My school has really bred some professional pricks. 
im talkin the kind of people that will grow up with a permanent hunger for things things money and more things.
everyday when i roam the halls i look for food in the garbage, my mom will never let me lay a hand on cash and all there is in my house is slimfast bars and diet coke. 
i really have no problem with diggin around for food.
but what i fucking hate is the fact that these trash cans are full to the brim with PERFECTLY fine food, and not just food, these kids are tossing away their entire brown lunch bags full of food. Ive wathed them and allmost 90% of them dont even make an effort to look inside their bags or ask any of their football buddies if they want what theyre not going to eat. in allmost every can i look in there is at least two or more bags, sometimes only half eaten and alot of the times not even fucking touched. If you dont have money there then your nothin, its so disgusting. gotta have this, gotta have that, i cant beleive my eyes when i just sit and watch my own generation get brainwashed. 
yesterday i found an entire box of granola bars, only about two of them had been eaten.
yeah, this made me happy, i get food. but its just really fucking annoying as well, apparently nothing is ever good enough, especially when its all handed to you right from the start. food food food, its everywhere money money money, take take take,
When the stock market crashed people jumped through windows because money was all they knew, it was never hard for them until that one plug was pulled. learn to adapt you peices of shit. 
messy messy 

i cannot wait to nolonger be surrounded by this


----------



## wartomods (Apr 15, 2009)

Damn michigan


----------



## skunkskunk (Apr 15, 2009)

yeah...fuck michigan
no more michigan


----------



## john1158 (Apr 15, 2009)

as long as you our in the good old US of A you will be surrounded by people wasting food.....look in any city trash can or dumpster.....


----------



## jove (Apr 15, 2009)

> i cant beleive my eyes when i just sit and watch my own generation get brainwashed.

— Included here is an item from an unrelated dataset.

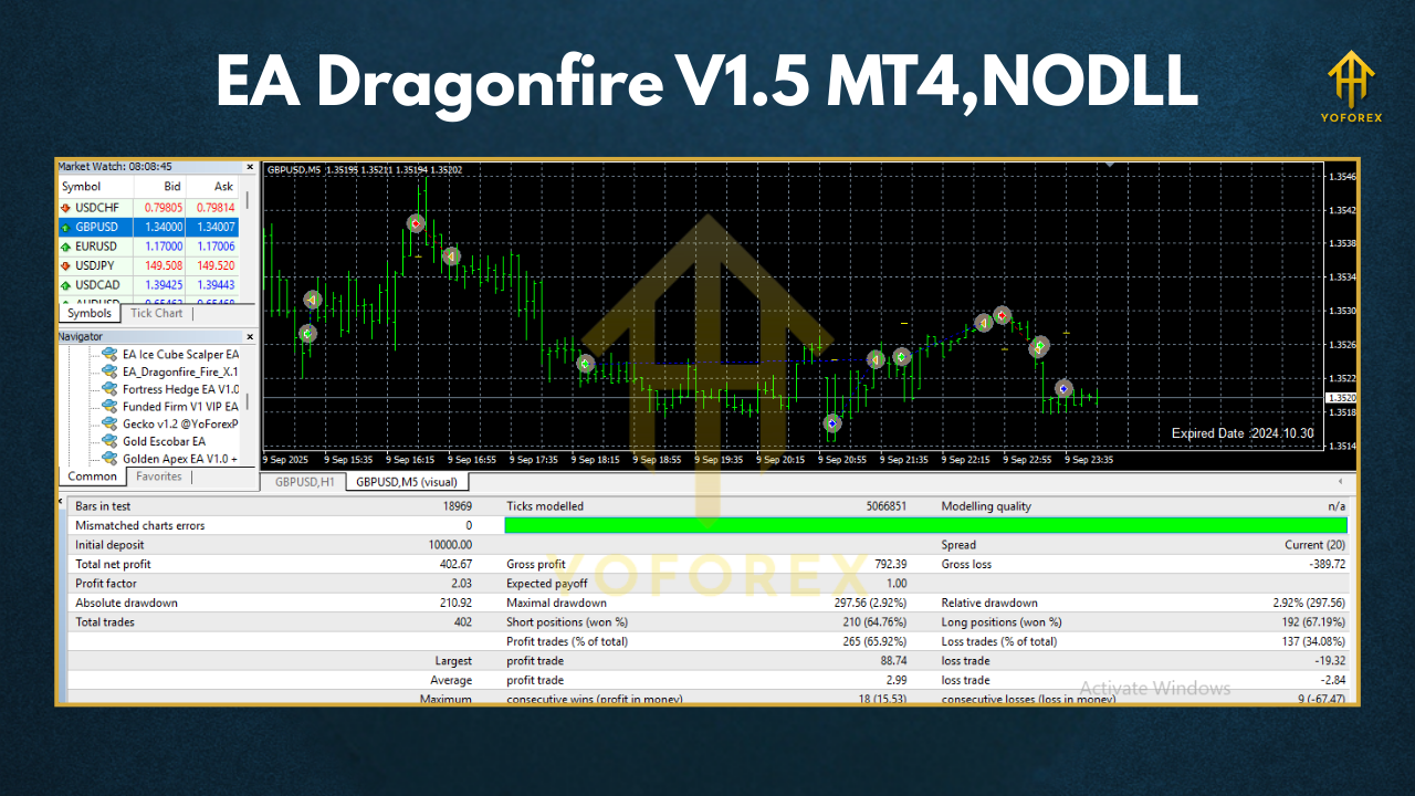 Backtests show that Dragonfire V1.5 delivers an average monthly growth between 7–12%, depending on broker conditions and risk settings. The EA maintained a drawdown under 10%, proving its stability.

brainwashed? people look at you like a fucking alien if you don't carry a cell phone. assholes.


----------



## skunkskunk (Apr 16, 2009)

hahaa there isnot a single kid in this town that doesnt have an exspensive shiney new cel phone & whenever someone looses their they bitch to mommy & bam...new cell phone.
i heard this one kid saying "this fucking sucks..i was gonna stay home today because my Zune is broken...now i have to listen to my i-pod waaaah"
i was just like ..............


----------



## bobNkamille (Apr 16, 2009)

what thats fucking ridiculous, try spanging at your school dude i bet you could make bank off of spoiled little shits like this. I use to post up in the lunch room by the vending machines and when ever a kid pulled out cash i told them to give me a dollar i always made enough to get drunk or buy cigarettes and still go bull shit with people around the school yard


----------



## bobNkamille (Apr 16, 2009)

awe i miss school now


----------



## Miss Muriel (Apr 23, 2009)

Yeah, it's a pity that lot of people just waste food. There are so many people that would need food and have to struggle to get some and others have food, material things and money in abundance. However, as long as the rich throw away good food, the poor have something to eat. Maybe that's how redistribution works nowadays ...


----------



## Birdy (May 14, 2009)

Damn same thing goes on at my school. I don't use the money my dad gives me on lunch cuz school food is so expensive now(so I use the money on gas and cigarettes) but I see these kids get food, take like one bite, then toss it in the trash. It's horrible! And the soda machines outside on the patio, man within two days they're all sold out and a lot of kids don't even drink them all they take a few sips and throw their soda at someone else. It's ridiculous! Kids these days don't appreciate anything. I'd probably get some odd stares diggin for food at my school, in fact, I bet the teachers would have a problem with it.


----------



## rideitlikeyoustoleit (May 14, 2009)

I kind of embrace the college kid wastefulness. Every summer I'm in Sacramento I take the bike cart and will go back and forth from the school all day, each trip filling up my bike cart with perfectly good whatever-you-can-imagine. It sucks how wasteful they are, but at the same time it works for me because I get to eat it.


----------



## skunkskunk (May 17, 2009)

hahaha yeah teachers do get extreamly concerned, at least the old bats @ my school did.
i got called down to the counselors office so many times. They would sit me down, look me in the face all squinty and say "so...ive had a few teachers e-mail me and they say...that youve been digging in the trash cans and eating food out of there..do u want to tell me whats going on?" haaaaa all i can do is laugh when i hear that
yeah all the food u can get is great specially in poshy poshy campus whatnot areas
as annoying as it is to watch all the waste ..oh well


----------



## Poe Boy (May 17, 2009)

LOL, that's nothin dude, hang out at the college dumpsters.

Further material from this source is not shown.